*Records for this task*:
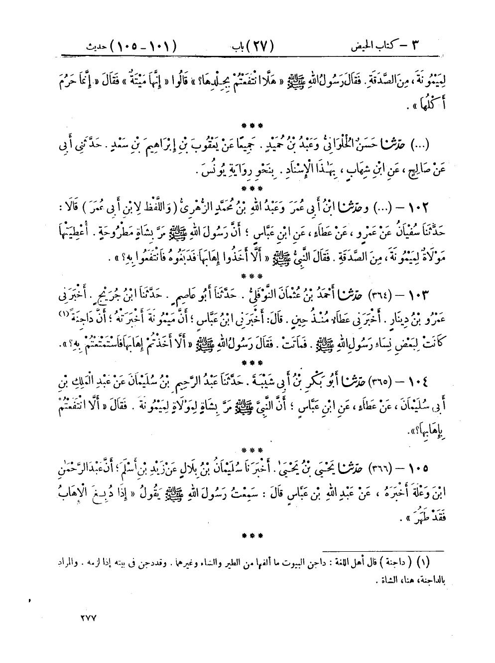 ١٠٢ - (٣٦٣) وَحَدَّثَنَا ابْنُ أَبِي عُمَرَ، وَعَبْدُ اللهِ بْنُ مُحَمَّدٍ الزُّهْرِيُّ، - وَاللَّفْظُ لِابْنِ أَبِي عُمَرَ -، قَالَا: حَدَّثَنَا سُفْيَانُ، عَنْ عَمْرٍو، عَنْ عَطَاءٍ، عَنِ ابْنِ عَبَّاسٍ، أَنَّ رَسُولَ اللهِ صَلَّى اللهُ عَلَيْهِ وَسَلَّمَ مَرَّ بِشَاةٍ مَطْرُوحَةٍ أُعْطِيَتْهَا مَوْلَاةٌ لِمَيْمُونَةَ مِنَ الصَّدَقَةِ، فَقَالَ النَّبِيُّ صَلَّى اللهُ عَلَيْهِ وَسَلَّمَ: «أَلَّا أَخَذُوا إِهَابَهَا فَدَبَغُوهُ فَانْتَفَعُوا بِهِ؟»
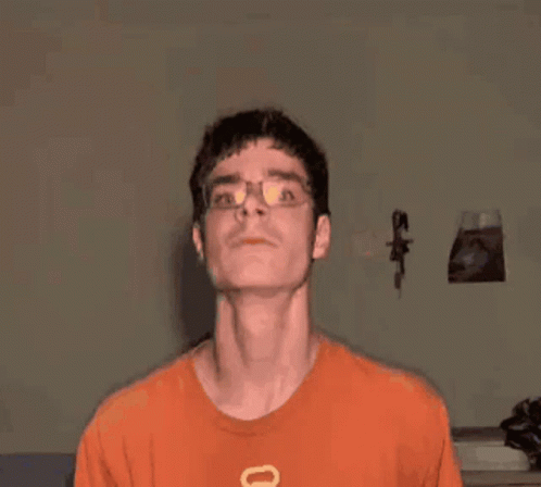 Paglalarawan ng Content: a man wearing glasses and an orange shirt with the letter u on it .
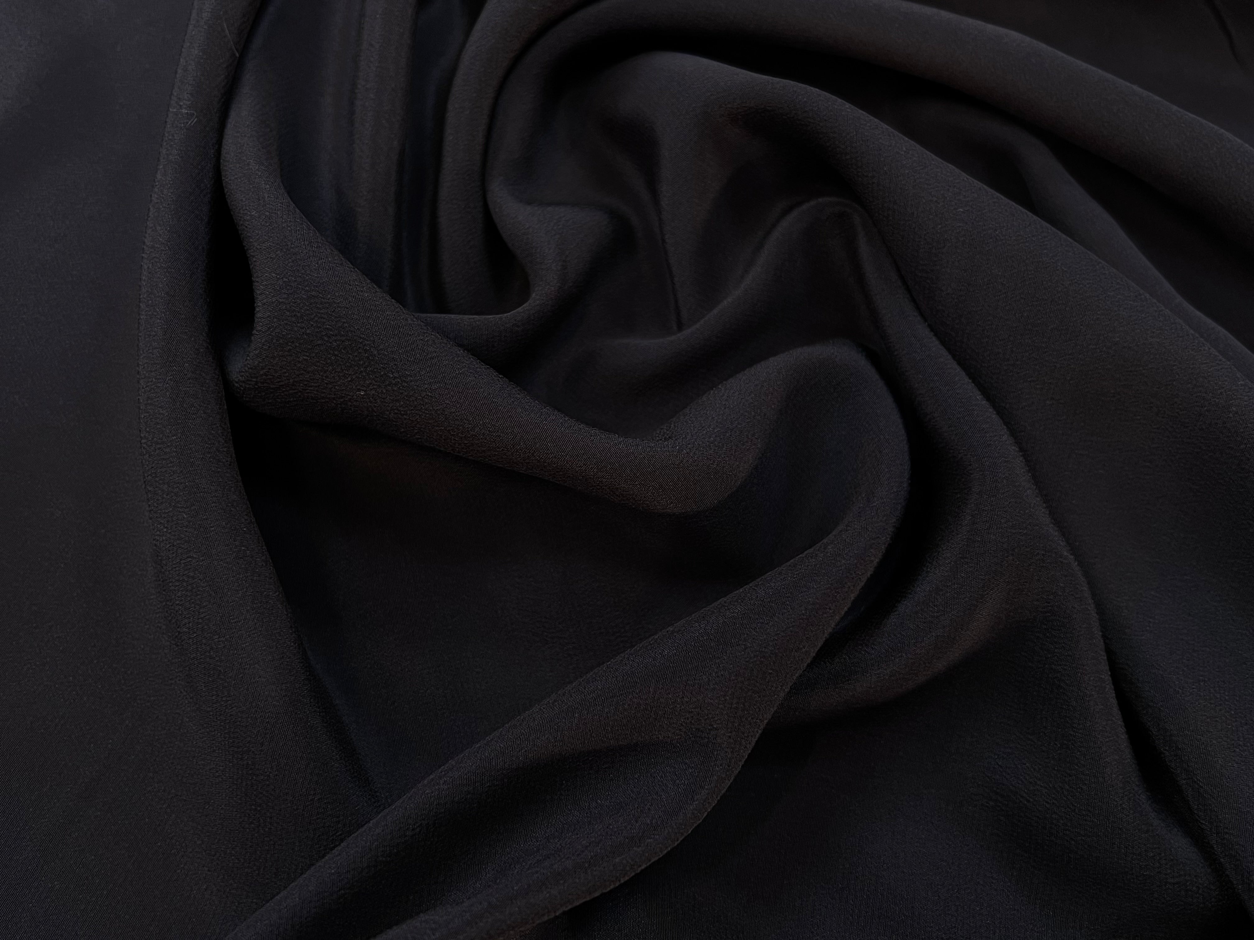 Découvrez notre crêpe de soie marron foncé, tissu de prestige 100% soie, tissé en Italie. Largeur 140 cm et poids léger offrent un tombé fluide et une douceur naturelle, idéale pour des robes et chemises élégantes.
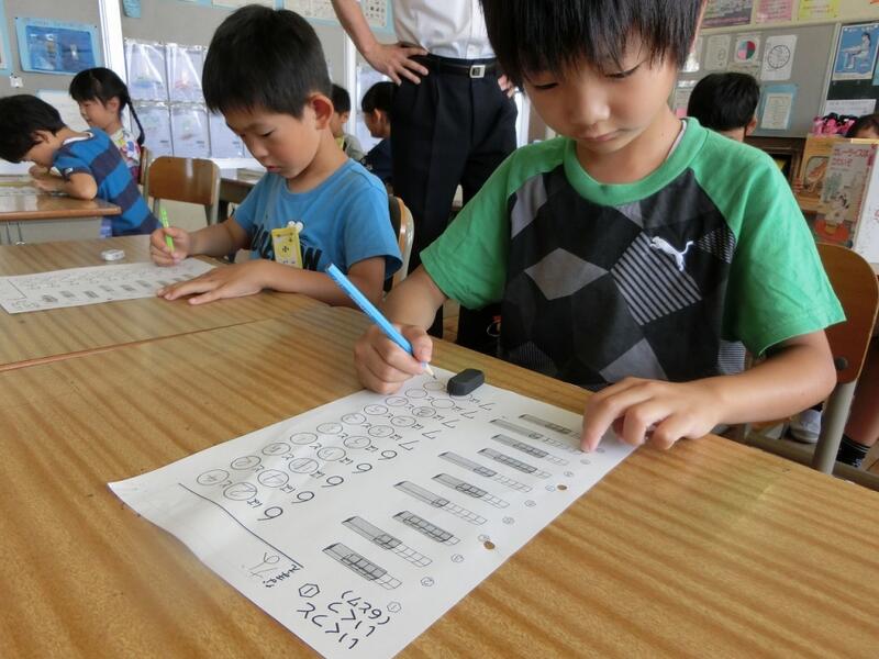 2年生は「たしざん」のプリント学習です。どの学年も、基礎・基本となる内容の習熟をめざしてがんばっています。
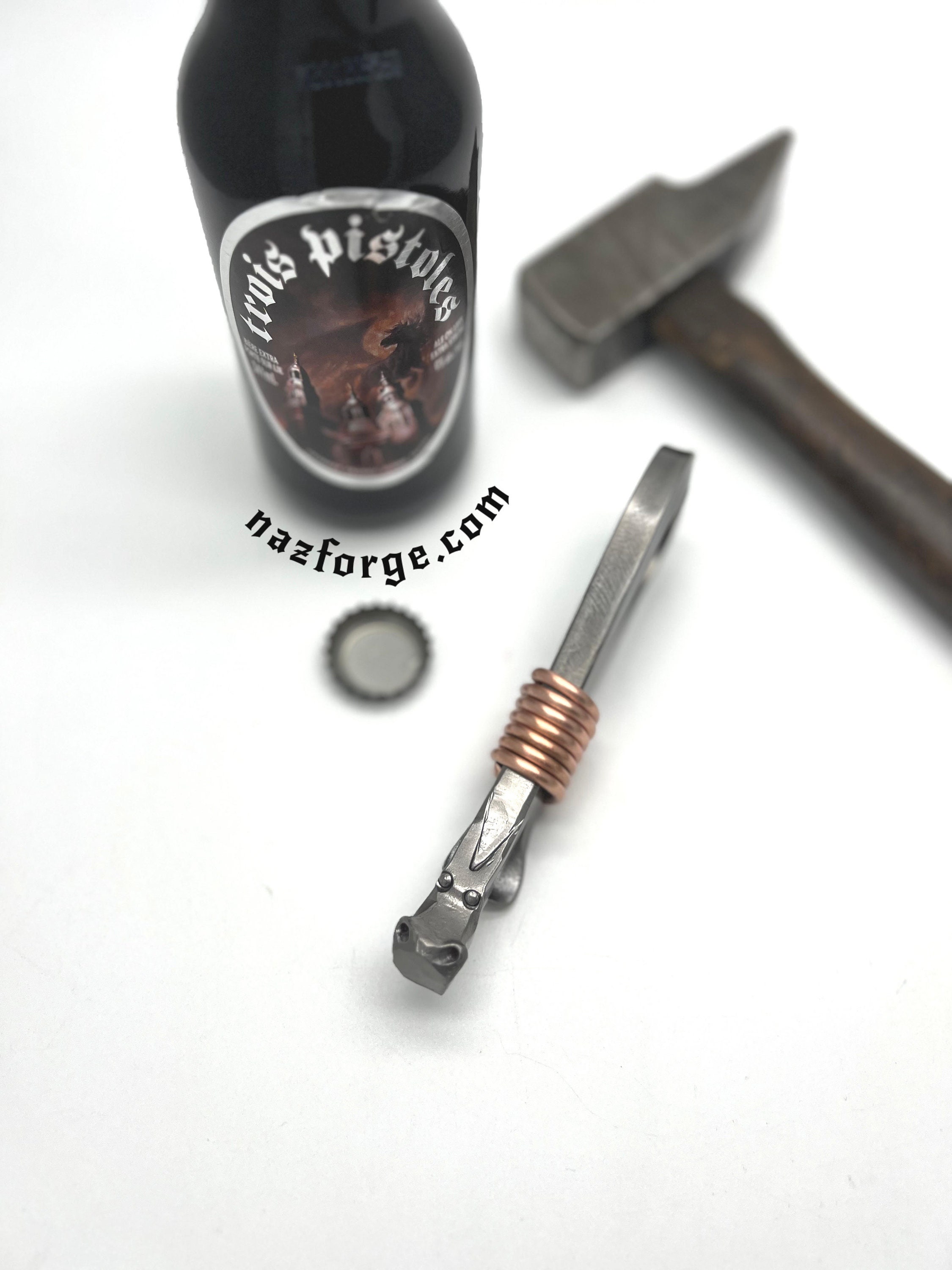 I put a lot of importance in cleaning each opener after it has been hammered, bent into shape, and "in and out" of the fire numerous times...I acheive the clean look you see in the photos by using the wire wheel and sandpaper, this leaves each opener with a clean attractive look that is perfect for gift giving...
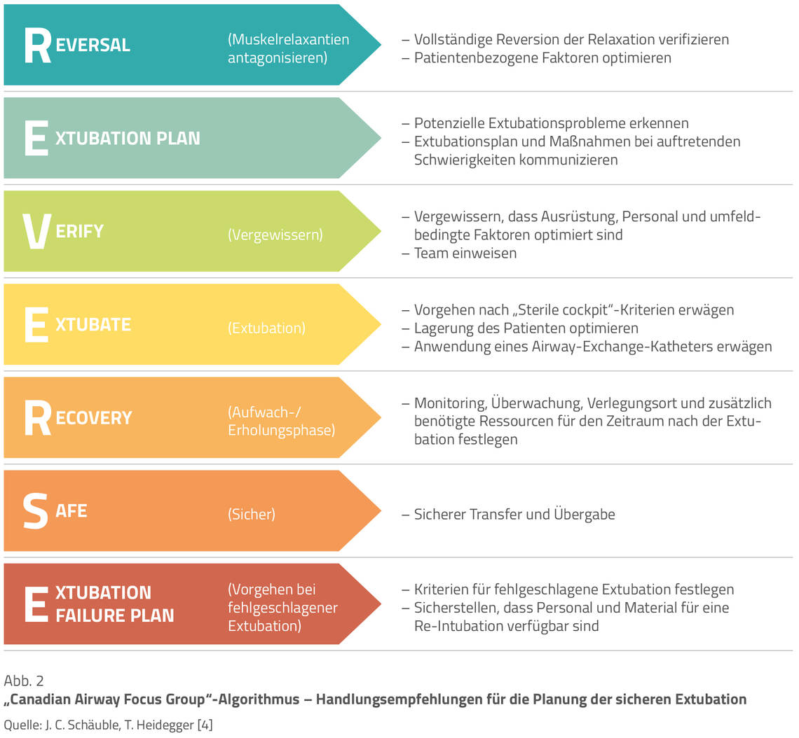 Neben der Berücksichtigung der Empfehlungen für eine voraussichtlich erschwerte Extubation (Abb. 2) sollte überprüft werden, ob eine Extubation grundsätzlich zu tolerieren ist beziehungsweise bei einer erforderlichen Re-Intubation mit erneuten Problemen einhergehen könnte. Als Hilfsmittel ist auch die endotracheale Platzierung eines speziellen Airway-Exchange-Katheters in Erwägung zu ziehen, der bei entsprechender Toleranz des Patienten sowohl als Führungshilfe für eine optionale Re-Intubation als auch zur Sauerstoffapplikation dienen kann [8].
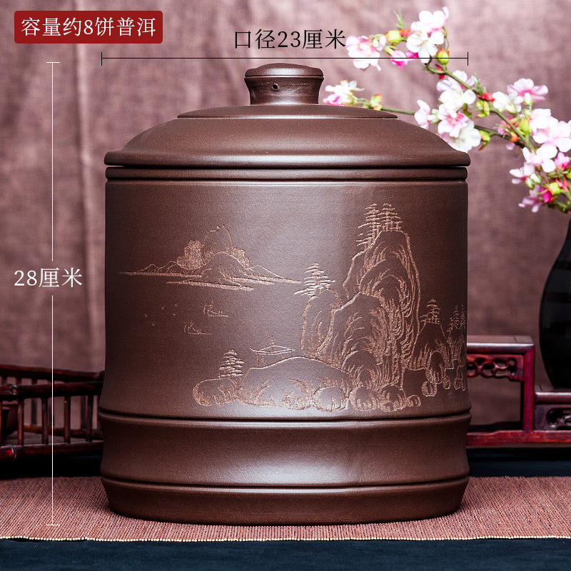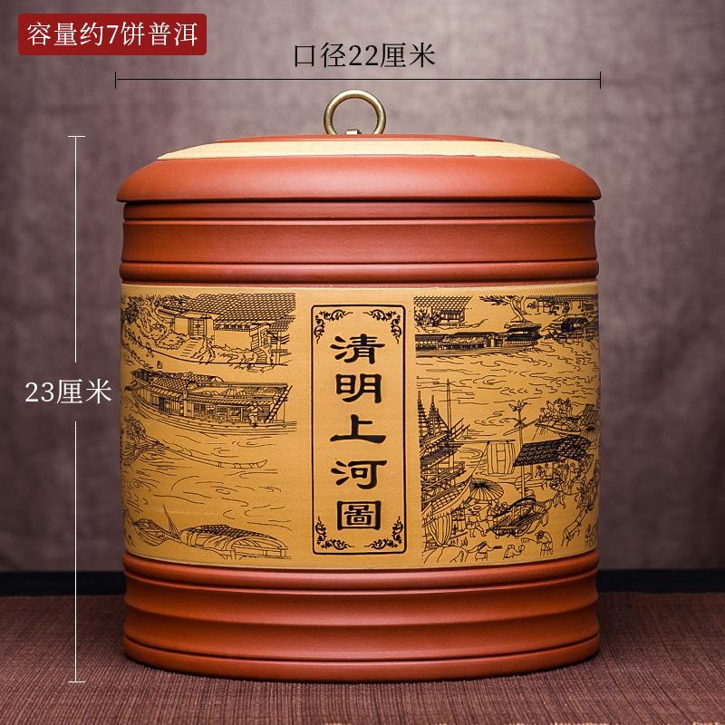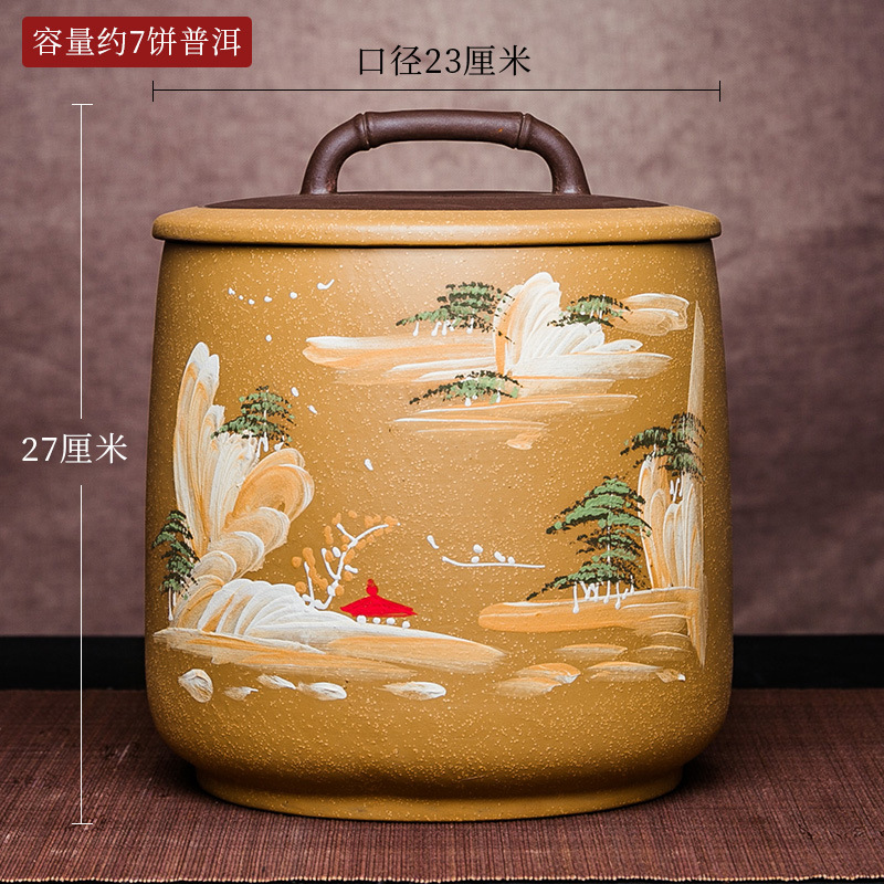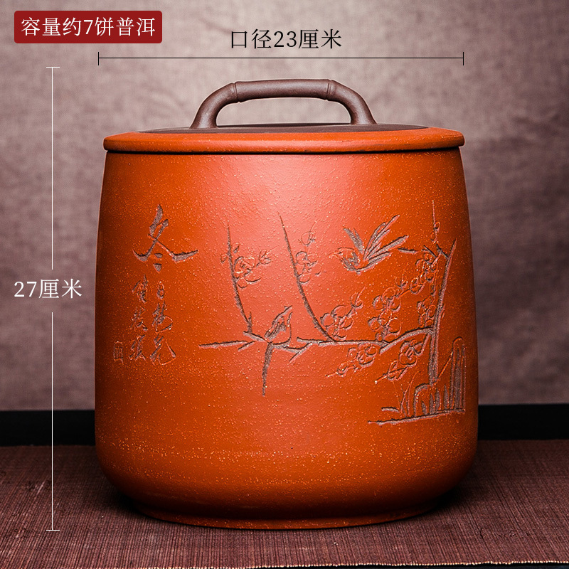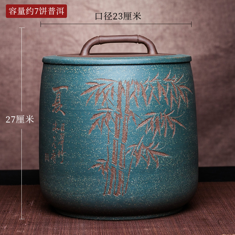 Yixing Zisha 차 항아리 대형 Pu'er 차 통 차 깨우기 장치 세라믹 통기성 가정용 쌀 항아리 Qizi 케이크 보관스토어 가기
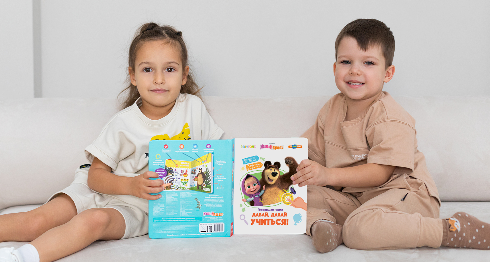 Лицензионный продукт от BertToys и Агама Медиа. Маша и Медведь - персонажи любимого мультика оживают на страницах книги, просто нажимай пальчиком!
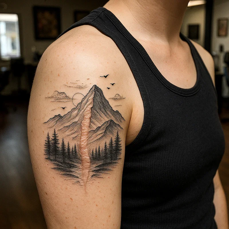 Why not let your scars become mountains, rivers, or tree bark in a larger landscape? Nature scene tattoos excel at incorporating existing skin textures into realistic environmental elements where roughness and irregularity actually enhance authenticity. Your raised scar tissue might become a mountain ridge, while indented scars transform into valleys or riverbeds in your personal topographical map. Forest scenes work brilliantly, with scars becoming paths through woods or the textured bark of ancient trees. Wildlife can be added to bring movement and life to the scene. This approach celebrates rather than conceals, making your scars active participants in the artwork rather than obstacles to overcome. Artists skilled in realism can create depth and dimension that turns your skin into a three-dimensional canvas where scars add genuine texture to the natural masterpiece.
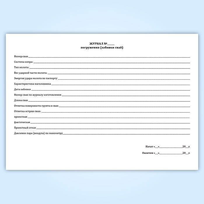 Журнал погружения (забивки свай) (форма 4.1) в Волгограде купить
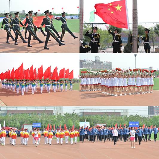 随后国旗护卫队、刀旗方阵、鲜花方阵、裁判员代表队、教职工代表队以及各二级学院(系)方阵依次入场,每个方阵都充分展示出独特的风采,他们整齐划一的步伐、昂扬向上的精神无一不展现着海滨人的魅力。
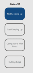 Select the option that best represents your perception of the State of IT for your organization. Only one selection will be registered, and that will determine the values for the subsequent inputs into the model. Engaging with one of our consultants will allow you to further refine your inputs. More detailed descriptions of these State of IT selections are denoted below:
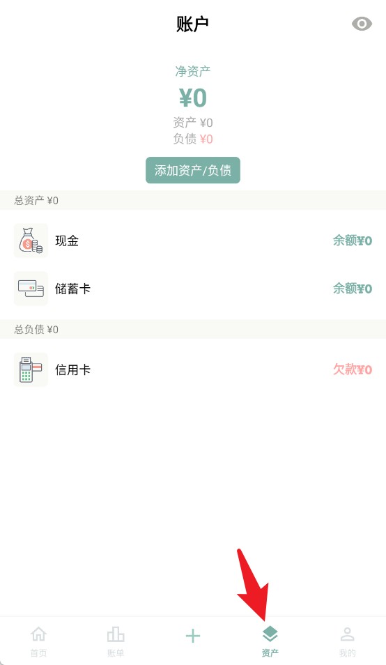 4.点击“资产”按钮可添加和管理现金、银行卡、信用卡等资产信息,查看净资产情况。
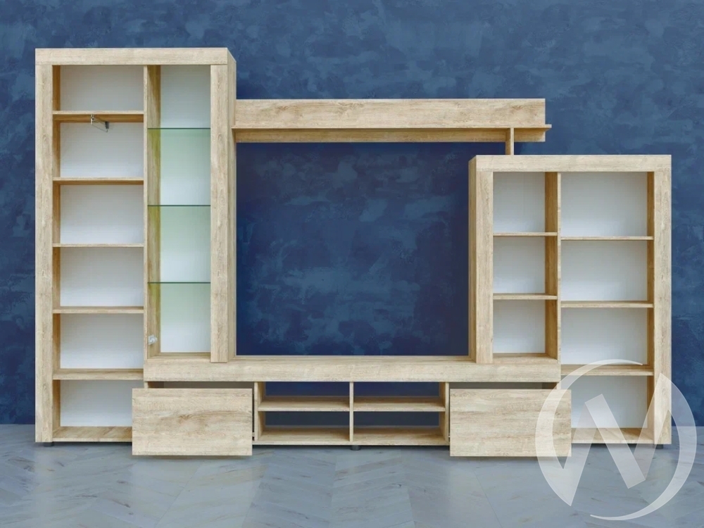 Гостиная выполнена в цвете Дуб баррик; который создает теплую и уютную атмосферу.Пенал комплектуется полками для хранения вещей и выдвижной штангой для одежды. Ниша под ТВ размером 1200х1150 мм позволяет разместить телевизор с большой диагональю. Пластиковые ручки удобны в использовании; а направляющие полного выдвижения обеспечивают легкий доступ к содержимому ящиков. Важная информация: Зеркальная сборка не предусмотрена.

*Task prompt*: Repeat every line of the data exactly, but do not include pictures.

*Output below*:
 ١٠٢ - (٣٦٣) وَحَدَّثَنَا ابْنُ أَبِي عُمَرَ، وَعَبْدُ اللهِ بْنُ مُحَمَّدٍ الزُّهْرِيُّ، - وَاللَّفْظُ لِابْنِ أَبِي عُمَرَ -، قَالَا: حَدَّثَنَا سُفْيَانُ، عَنْ عَمْرٍو، عَنْ عَطَاءٍ، عَنِ ابْنِ عَبَّاسٍ، أَنَّ رَسُولَ اللهِ صَلَّى اللهُ عَلَيْهِ وَسَلَّمَ مَرَّ بِشَاةٍ مَطْرُوحَةٍ أُعْطِيَتْهَا مَوْلَاةٌ لِمَيْمُونَةَ مِنَ الصَّدَقَةِ، فَقَالَ النَّبِيُّ صَلَّى اللهُ عَلَيْهِ وَسَلَّمَ: «أَلَّا أَخَذُوا إِهَابَهَا فَدَبَغُوهُ فَانْتَفَعُوا بِهِ؟»
 Paglalarawan ng Content: a man wearing glasses and an orange shirt with the letter u on it .
 Découvrez notre crêpe de soie marron foncé, tissu de prestige 100% soie, tissé en Italie. Largeur 140 cm et poids léger offrent un tombé fluide et une douceur naturelle, idéale pour des robes et chemises élégantes.
 2年生は「たしざん」のプリント学習です。どの学年も、基礎・基本となる内容の習熟をめざしてがんばっています。
 I put a lot of importance in cleaning each opener after it has been hammered, bent into shape, and "in and out" of the fire numerous times...I acheive the clean look you see in the photos by using the wire wheel and sandpaper, this leaves each opener with a clean attractive look that is perfect for gift giving...
 Neben der Berücksichtigung der Empfehlungen für eine voraussichtlich erschwerte Extubation (Abb. 2) sollte überprüft werden, ob eine Extubation grundsätzlich zu tolerieren ist beziehungsweise bei einer erforderlichen Re-Intubation mit erneuten Problemen einhergehen könnte. Als Hilfsmittel ist auch die endotracheale Platzierung eines speziellen Airway-Exchange-Katheters in Erwägung zu ziehen, der bei entsprechender Toleranz des Patienten sowohl als Führungshilfe für eine optionale Re-Intubation als auch zur Sauerstoffapplikation dienen kann [8].
 Yixing Zisha 차 항아리 대형 Pu'er 차 통 차 깨우기 장치 세라믹 통기성 가정용 쌀 항아리 Qizi 케이크 보관스토어 가기
 Лицензионный продукт от BertToys и Агама Медиа. Маша и Медведь - персонажи любимого мультика оживают на страницах книги, просто нажимай пальчиком!
 Why not let your scars become mountains, rivers, or tree bark in a larger landscape? Nature scene tattoos excel at incorporating existing skin textures into realistic environmental elements where roughness and irregularity actually enhance authenticity. Your raised scar tissue might become a mountain ridge, while indented scars transform into valleys or riverbeds in your personal topographical map. Forest scenes work brilliantly, with scars becoming paths through woods or the textured bark of ancient trees. Wildlife can be added to bring movement and life to the scene. This approach celebrates rather than conceals, making your scars active participants in the artwork rather than obstacles to overcome. Artists skilled in realism can create depth and dimension that turns your skin into a three-dimensional canvas where scars add genuine texture to the natural masterpiece.
 Журнал погружения (забивки свай) (форма 4.1) в Волгограде купить
 随后国旗护卫队、刀旗方阵、鲜花方阵、裁判员代表队、教职工代表队以及各二级学院(系)方阵依次入场,每个方阵都充分展示出独特的风采,他们整齐划一的步伐、昂扬向上的精神无一不展现着海滨人的魅力。
 Select the option that best represents your perception of the State of IT for your organization. Only one selection will be registered, and that will determine the values for the subsequent inputs into the model. Engaging with one of our consultants will allow you to further refine your inputs. More detailed descriptions of these State of IT selections are denoted below:
 4.点击“资产”按钮可添加和管理现金、银行卡、信用卡等资产信息,查看净资产情况。
 Гостиная выполнена в цвете Дуб баррик; который создает теплую и уютную атмосферу.Пенал комплектуется полками для хранения вещей и выдвижной штангой для одежды. Ниша под ТВ размером 1200х1150 мм позволяет разместить телевизор с большой диагональю. Пластиковые ручки удобны в использовании; а направляющие полного выдвижения обеспечивают легкий доступ к содержимому ящиков. Важная информация: Зеркальная сборка не предусмотрена.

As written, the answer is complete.